Consider a few, alternative scenarios:
In the first, he walks through empty hallways, all his collection now gone. He finds no one else in the house, and no trace of an intruder. Someone took the owner’s paintings, but the culprit concealed his tracks nicely.
In the second scenario, the owner awakes to find his paintings missing, but he also notices some unusual footprints, a crumpled Hershey Bar wrapper, and a note that says, “Thanks for making it so easy to take all your estate’s masterpieces. I’ve always wanted to steal them.”

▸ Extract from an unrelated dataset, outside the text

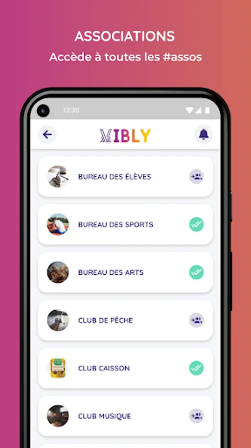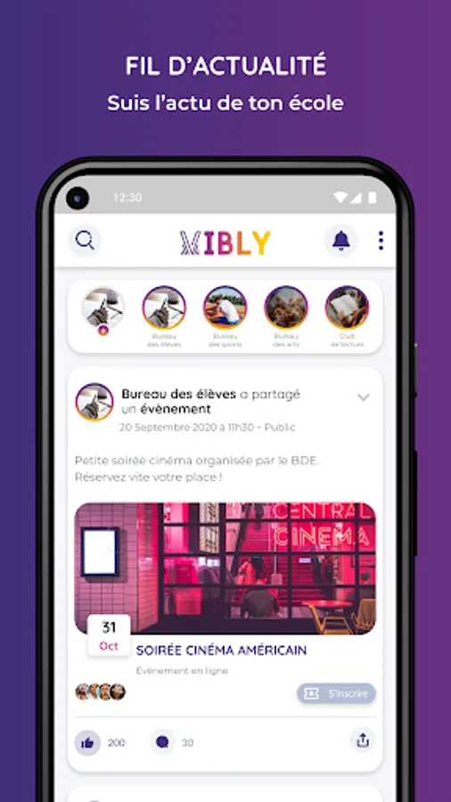 Follow the news of your school's associations, plan and set up your events directly from the application, communicate with your friends and share a moment in your student life. The objective of Vibly is to simplify meetings and interactions between students from the same school, while streamlining management for the various student actors.

In a third scenario, the owner again awakes to find his paintings missing, but he also spots a cart filled with all the valuable paintings, and an intruder, dressed in black and wearing a mask, holding a toy poodle on a leash.
Furious, the owner screams out, “What do you think you’re doing, here?”
The cat burglar promptly replies, “I’m walking my dog.”
Would anyone feel contented, after hearing that explanation?
The theft is wrong in all three scenarios, but there’s a particular temerity in the third situation’s declaration that the visit was really just an innocent dog-walk.
Someone trying to take something valuable, but offering only a ludicrous or trivial justification, is even more troublesome than someone who says nothing or candidly admits to an illegitimate scheme.
That shamelessness is an additional problem, likely to play itself out as often as it can.